Immagine del film "Kinds of Kindness" (Credits: Searchlight Pictures)
Il punto non è la durata ma la qualità
Ma il punto vero è: i film lunghi sono giustificatamente lunghi? La discriminante è sempre la stessa, la qualità. Ci sono capolavori della storia del cinema che sono un prezioso investimento di tempo e, a fine visione, i frutti sono rigogliosi: ci si sente felici e rigenerati. Il Gattopardo (1963) di Luchino Visconti, recentemente restaurato e riproposto in sala, conta 3 ore e 25 minuti di capolavoro.
Senza andar così indietro nel tempo, Avatar, nel 2010, fu 2 ore e 42 minuti di rapimento visivo. Le 3 ore di The Wolf of Wall Street(2013)? Uno sballo.
Come riporta Forbes, la buona narrazione conduce il cervello umano a uno stato di immersione, quello che capita ad esempio quando si guarda un bel film a casa e un rumore improvviso riporta alla realtà, a ricordarci di esser lì, seduti sul divano davanti alla tv. Uno studio rivela che la narrazione immersiva rilascia l’ossitocina, ormone che facilita l’empatia: quando ci imbattiamo quindi in una trama in cui ci identifichiamo, il nostro cervello presta attenzione. E questo è il primo meccanismo per venire agganciati. Il secondo è utilizzare la novità come meccanismo per farci andare avanti nella visione.
Ma non sempre si ha la fortuna di imbattersi in Avatar, The Wolf of Wall Street e Il Gattopardo. Non sempre la lunga durata vale davvero la pena. E non basta l’ironica consolazione di ammortizzare così meglio il prezzo del biglietto in sala.

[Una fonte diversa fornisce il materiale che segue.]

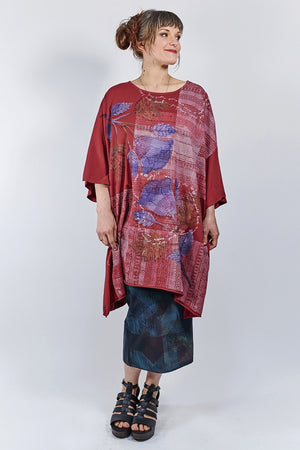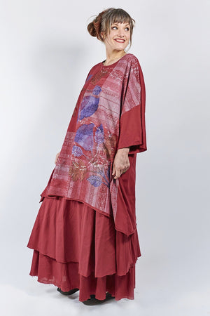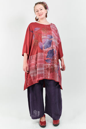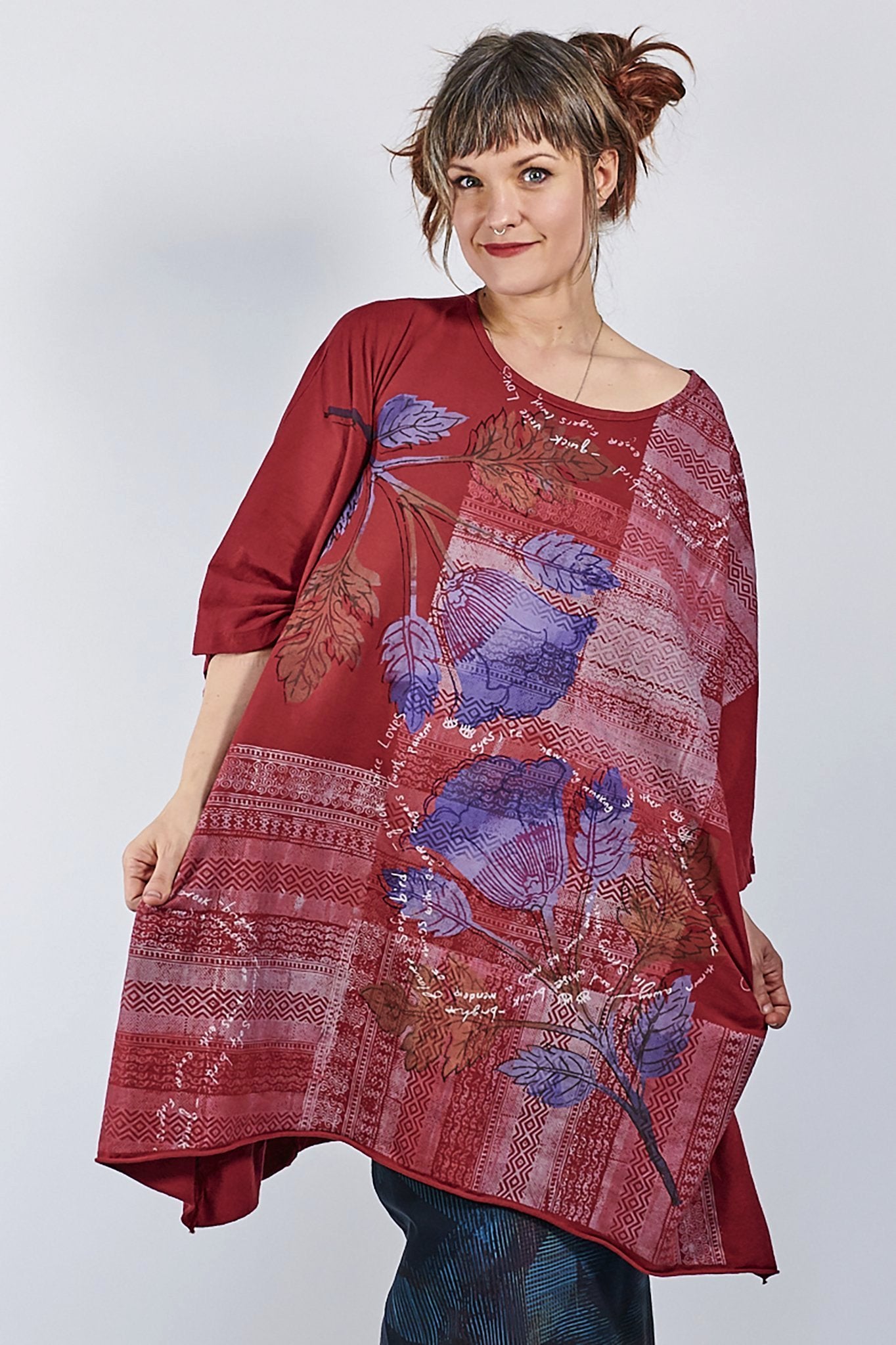 Graceful flowers & woven textures dance along with poetic verses that twist & sing in elegant style--This ONE-SIZE organic cotton tee/tunic is a new style we think you'll love. Throw it on over leggings, linen pants, or wear it as a beach cover-up. 4 inches longer in the back at the hem, sleeves come past the elbow. Long...hits approximately a few inches above the knee. Layered prints created by hand, cover the front from seam to seam and neck to hem (just get it! you'll never find anything like it in a million years)... If you like our Line Tee, you'll love this style as well. It's longer and has a different look than our Line Tee, but it shares the "I want to throw that on and feel absolutely relaxed,"
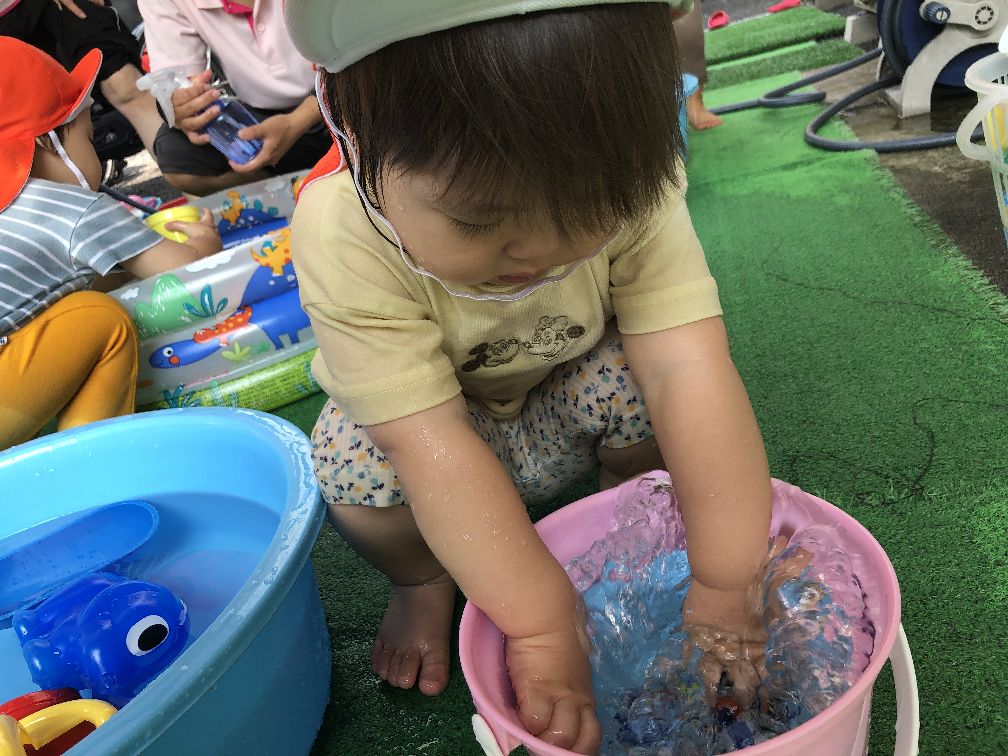 今日も水遊びを行いました。お茶を飲んで帽子をかぶると嬉しそうな子ども達です。
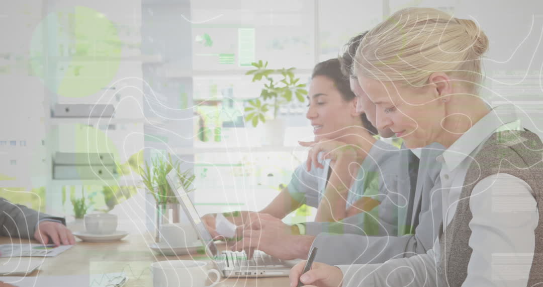 Ideal for illustrating concepts related to technology integration in corporate environments, data analysis discussions, and modern business communication techniques. Use in resources about diverse teamwork, digital transformation strategies, and advanced analytic tools in a business context.

Combattimenti che si intrecciano su più fronti e intrighi arricciati Marvel style, macchinazioni e montagne russe mentali alla Tenet, maratone su più luoghi e decenni narrativi alla Lubo, dettagli su manicaretti narrati senza soluzione di continuità ne Il gusto delle cose… Tutti questi, non avrebbero giovato della dote in disuso del contenimento?
Tre film corti stupendi. Viva l’essenzialità
La proporzione aurea della durata di un buon film? I classici 90 minuti. Quell’ora e mezza – un po’ più, un po’ meno – che può concederti immersione… ma senza affogarti.
E a proposito di contenimento, ecco tre film recenti belli davvero e corti. La dimostrazione che si può fare dell’ottimo cinema, destinato a restare nel tempo, anche senza tomi di minuti e ore. L’emblema dell’essenzialità spesa bene.
1) La mia vita da Zucchina (2016) di Claude Barras
Perla di animazione in stop motion franco-svizzera, con Céline Sciamma alla sceneggiatura, ha per protagonista un bimbetto orfano soprannominato Zucchina. Durata: soltanto 1 ora e 6 minuti!
2) Foglie al vento (2023) di Aki Kaurismäki
Dalla Finlandia una storia d’amore deliziosa e sfortunata, in una Helsinki dai colori slavati, con un umorismo sotteso e impassibile. Per 1 ora e 21 di visione.
3) Locke (2013) di Steven Knight
Film britannico, un capolavoro di minimalismo. Con Tom Hardy unico attore in scena e un’auto in corsa nella notte asciutto e costante set. Durata: 1 ora e 25 minuti.